Independent vegetarians

I try hard to keep this blog about West Africa.  But occasionally I veer off track. This is one of those times.

Last month I went to a fantastic talk at Harvard’s Graduate School of Education with a friend who is a student there.  The talk, by Paul Harris (a professor of education), was on independent vegetarians and morality.  Harris defines independent vegetarians as children with meat-eating parents who become vegetarians between the ages of 6 and 10.  I became a vegetarian when I was 5, and have meat-eating parents.  I don’t think I’ve ever been so excited for a lecture.

Harris wanted to know: To what extent are children capable of making autonomous moral judgments?  He looked at independent vegetarians, family vegetarians (same as independent vegetarians, but have vegetarians parents), and non-vegetarians, all between the ages of 6 and 10.

All 60 independent vegetarians in the study said their reason for not eating meat was animal welfare.  But lots of children care for animals and don’t become vegetarians.  Why do only some become vegetarians?  Harris thinks for some reason independent vegetarians look at meat and instantly see an animal being slaughtered, yet for most children this does not happen.

An overwhelming majority of the independent vegetarians and family vegetarians did not think it was morally wrong to eat meat.  But most did think it was wrong to commit to being a vegetarian, and then renege on that promise.  Harris is not sure why the vegetarian children did not see eating meat as an absolute wrong.

My issue with this talk stems from the discussant’s comments and my personal experience.  The discussant, an independent vegetarian from a young age, said she became a vegetarian when she realized that meat was from an actual animal.  This was my experience as well, according to my parents.  One day I asked whether tuna fish used to be an actual fish.  When my mom said yes, I was grossed out, and stopped eating meat permanently.  I have no recollection of it being an animal welfare issue.  I wonder if children in the study had been socialized to understand their vegetarianism as an animal welfare issue, when in fact it was more of a “being grossed out” issue.  This could explain why they do not see eating meat as an absolute wrong.

Are you an independent vegetarians?  If so, why did you become a vegetarian?  Lately I’ve realized all the things about myself that I thought were unique are in fact not that unique.  There’s even a person in the cohort below me who became an independent vegetarian at the age of 6.

6 thoughts on “Independent vegetarians

  1. Pingback: Independent Vegetarians Shelby Grossman’s Blog

  2. Pauline

    Whereas I would like to discuss many other things re the special court with you, I feel compelled to comment on this entry.
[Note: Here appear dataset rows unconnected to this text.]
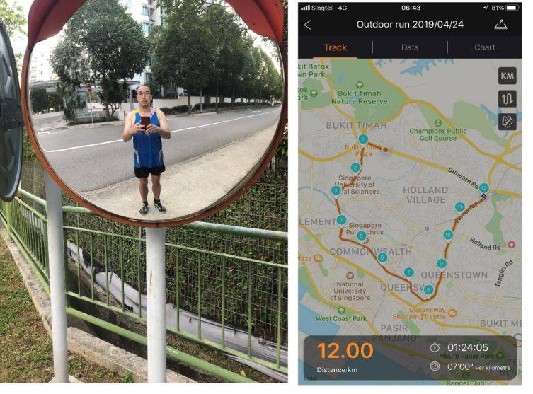 照片说明:4月19日的跑步感觉不错,还自拍了(左);没想到,5天后,本来计划跑16-18公里,却只跑了12公里就受伤了。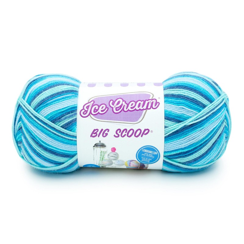 - Ice Cream Big Scoop is the same soft, easy-care yarn as Ice Cream, with even more yardage – one ball is enough to make a baby set or a whole blanket.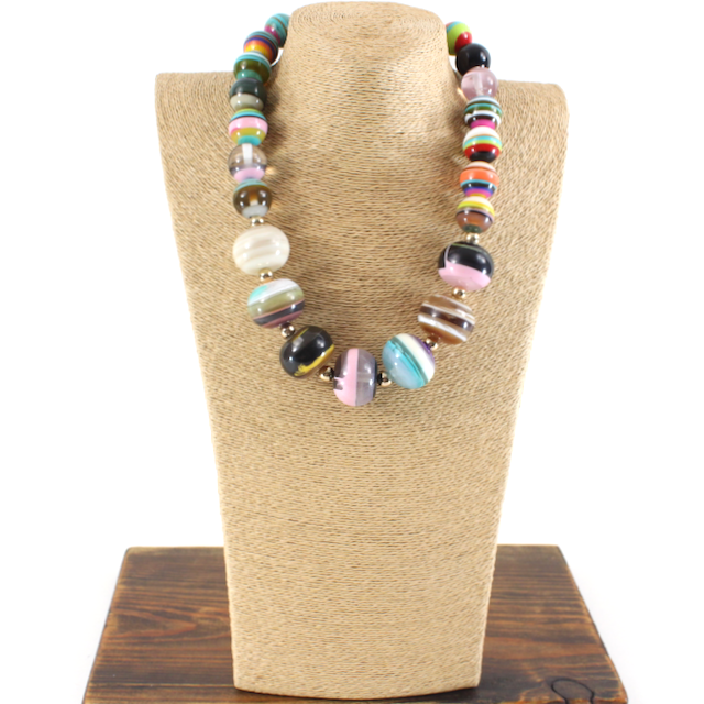 Berry/Teal/Light Gray 3 Strand Mop Necklace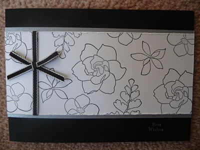 I’ve used the stamp set Growing Green and randomly stamped the images in Staz-On black ink onto Whisper White card. I roughed up the edges of the white card with the distressing tool in the cutter kit.This was then mounted onto a strip of metallic silver card after basic black one eighth inch taffeta had been caught behind the white card. A bow in the same ribbon was attached separately. The card was then adhered to a folded basic black card and the sentiment stamped in white craft ink from the hostess set Silhouette Sentiments.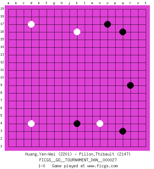 Last move : 1-0 2011 December 13 4:18:48 [Event "FICGS__GO__TOURNAMENT_DAN__000027"] [Site "FICGS"] [Date "2011.09.18"] [Round "1"] [Black "Huang,Yen-Wei"] [White "Pillon,Thibault"] [Result "1-0"] [Rating 1 "2201"] [Rating 2 "2147"] 1.q16 d17 2.q3 d4 3.r9 k16 4.o17 n4 5.k4 1-0 This go game has been lost on time (started : 2011.09.18 21:31:33) Here are the names of the openings (joseki) played in the four corners : Player Black won this Go (weiqi, baduk) game. Follow this game move after move (download)Dead group ? Always win ko fights ! (Anonymous) Players are not good because they find tactics, it is about the way to find the positions in which those tactics are hidden. (Luc-Olivier Leclerc)
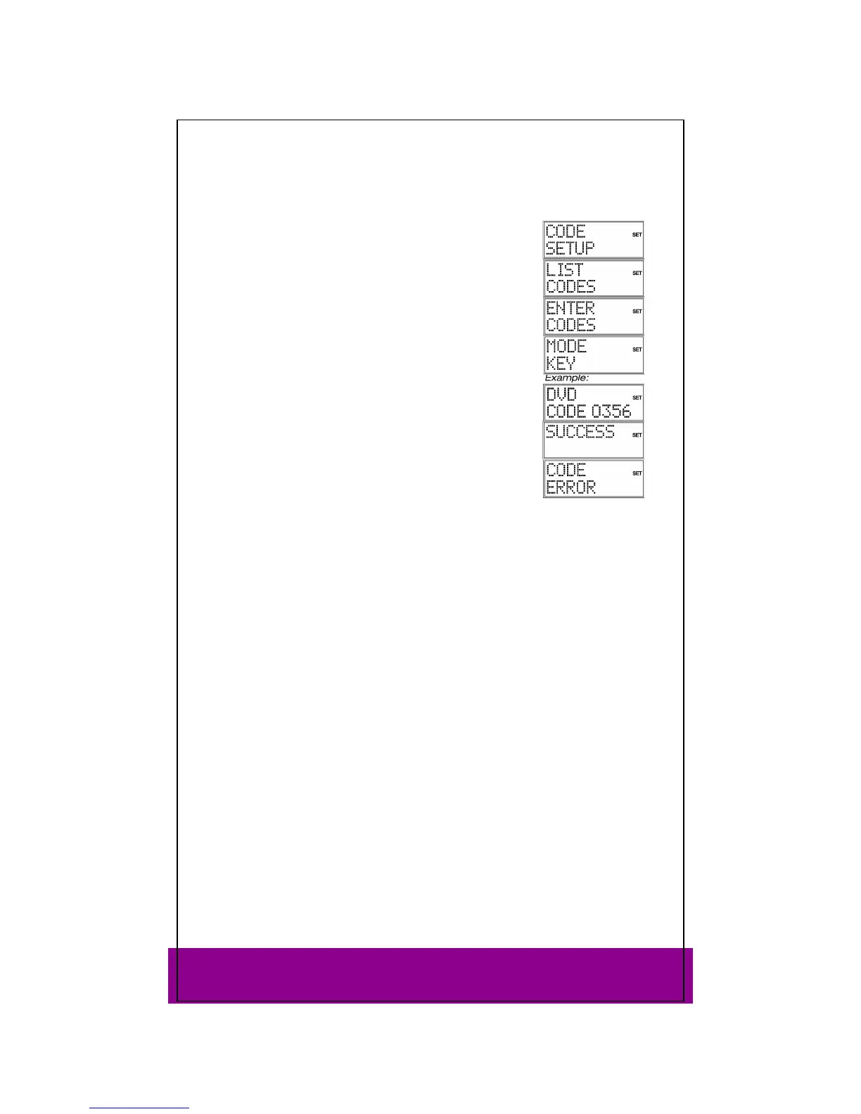 CODE SETUP appears.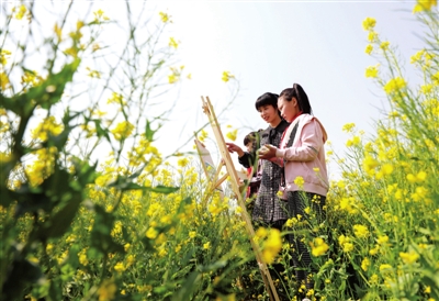 4月16日,河北省内丘县杨庄小学的师生在油菜花田中写生。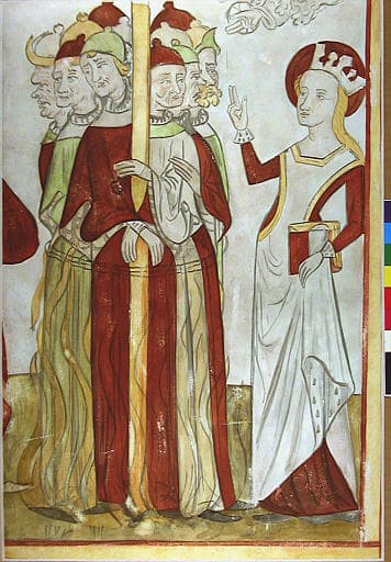 La légende de sainte Catherine, les philosophes sont encouragés par la sainte pendant leur supplice, registre central

I became a vegetarian at 18; in the house where I grew up there was no question of NOT eating meat. I clearly remember, though, as a child, being revolted by seeing a chicken on the grill — it looked like a real animal! So my becoming a vegetarian later in life was easy — meat simply grossed me out, not the flavor or the texture, but the idea of it. In order to explain one’s choice for vegetarianism, however, it’s easier to cloak it in moral terms — at any age.

  3. Shelby Post author

    Hey Pauline–Very interesting. This supports my idea about the importance of being “grossed out” as a reason for becoming a vegetarian, and how we can be “taught” to reframe the rationale behind our choice based on the reason most people assume others become vegetarians.

  4. Sharon

    I became a vegetarian when I was seven, after I saw a fish in the grocery store with eyes. Before that point I had qualms about meat, but I couldn’t connect it with anything real. The only non-humans I ever interacted with were dogs and my parents never tried to feed me dog meat. When I saw a fish with eyes, I made the connect between living (seeing) creature and what was on my plate. I don’t think I was ‘grossed out’, I was horrified by the idea of eating something that could see.